For once I was all over the soccer routine. We even arrived before the game began (big improvement) and I had a chair to sit in and a travel mug of strong coffee. While Master7 changed shirts and started kicking a ball around I sat down and took a swig of Joe. And the hot coffee spilled into my lap, making it look like I got so excited at the prospect of my son losing his game I peed myself. But this wasn’t the worst the day had install for me either.
This afternoon, Tracey was taking photos for a friend, Miss17was working and Miss5 had to go to a birthday party – all at 3pm. This meant I had to go to Hungry Jacks with FIVE KIDS. But this wasn’t the worst.
The first thing I did when I arrived at Hungry Jacks was to pull out a bottle for Miss0. The second thing I did was to spill the formula powder all down my jeans and through my shoes. Not the worst bit.
Then as I was packing everything up, encouraging Miss5 to say thank you to her hosts and comfort a whingy baby, I suddenly noticed Miss2 had disappeared. And still this wasn’t the worst moment.
Seconds later I spotted her. Someone had just walked in and let her out the automatic doors: she was standing outside the building. Not the worst moment, but we’re getting close.
I was holding the baby, and between me and the door was the pram, tables, chairs and Master7 and Miss8.
“Quick!” I snapped, pointing at their little sister.
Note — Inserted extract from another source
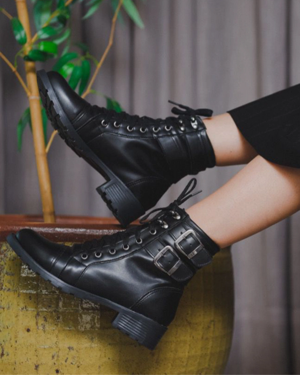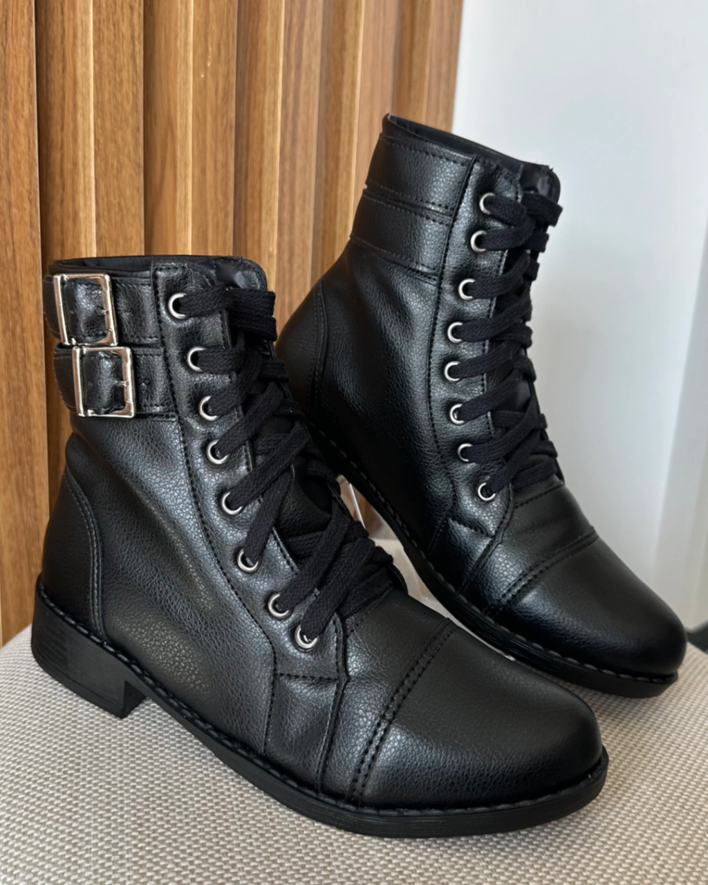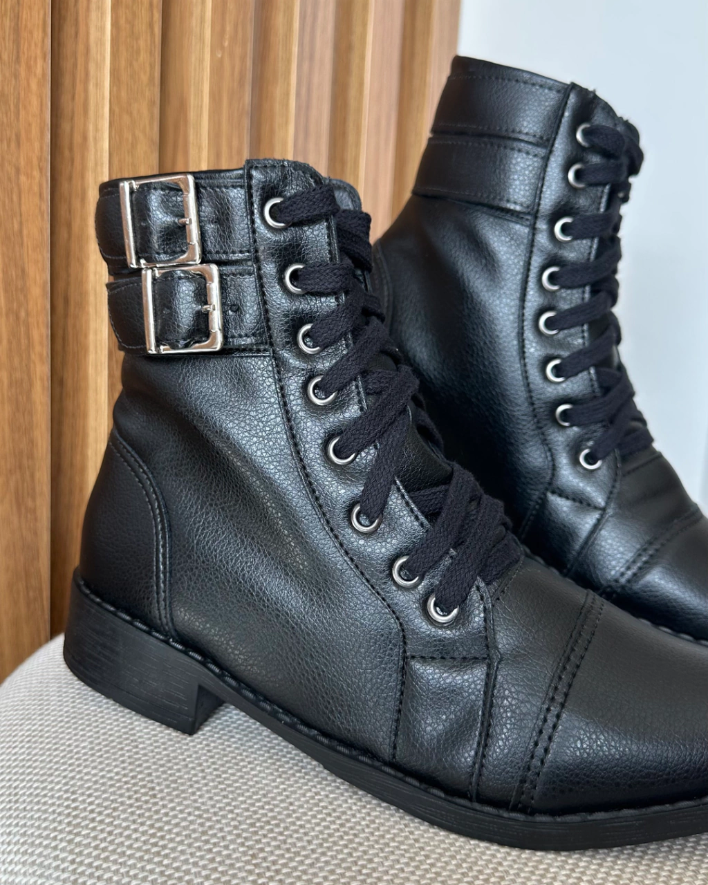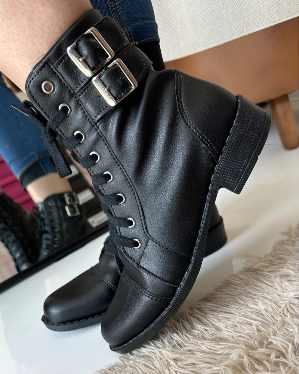 Seu design robusto ganha um toque de estilo com as fivelas laterais e o detalhe em cadarço, que reforçam a pegada urbana e moderna do modelo. Versátil e cheia de personalidade, é a escolha certa para compor looks estilosos em qualquer estação.

Like troopers they took off. So did Miss2 – straight towards our car on the other side of the carpark. You’d think we were at the worst bit, but we’re not there yet.
In a flap I scanned the carpark. No cars were coming in or out and the kids were on their way. I didn’t panic, although I had maneuvered around the obstacles towards the door. I could see it would all be okay in a few seconds.
Then Master7 came racing back up to me. “The doors won’t open!”
But Miss8 was through the automatic doors. I later found out when they hadn’t opened for her she’d been trying to pry them open with her fingers while screaming out, “I have to get out!”
So now Miss8 was outside the building and only fifteen meters from Miss2, who was over by our car.
And for some reason Miss8 stopped. She stopped and started to yell out her little sister’s name. And for some reason her little sister left the vicinity of our car and started to walk towards the highway.
THIS was the moment my heart faltered.
“Don’t just stand there. Go!” I shouted at Miss8. Of course the trouble with someone running at a 2 year old is they tend to run away. This was the moment I saw the inevitable disaster I had no way of stopping. This was the worst bit. “Quick! Grab her.”
And she did. And it was all okay. She grabbed her and held onto her and, unusually, Miss2 stayed put until I got there.
But the questions kept ringing in my head – Where did I stuff up? How did I allow myself to lose track of her? How am I going to explain all this to Tracey?
So here I am six hours later and the whole scene keeps playing over and over in my head. If Miss2 had run instead of walked towards the highway: If a car had turned into the carpark: If someone had backed out.
It can happen to anyone, I know, but the thing is it happened to me, and I don’t want to go through that again. My ticker couldn’t take it.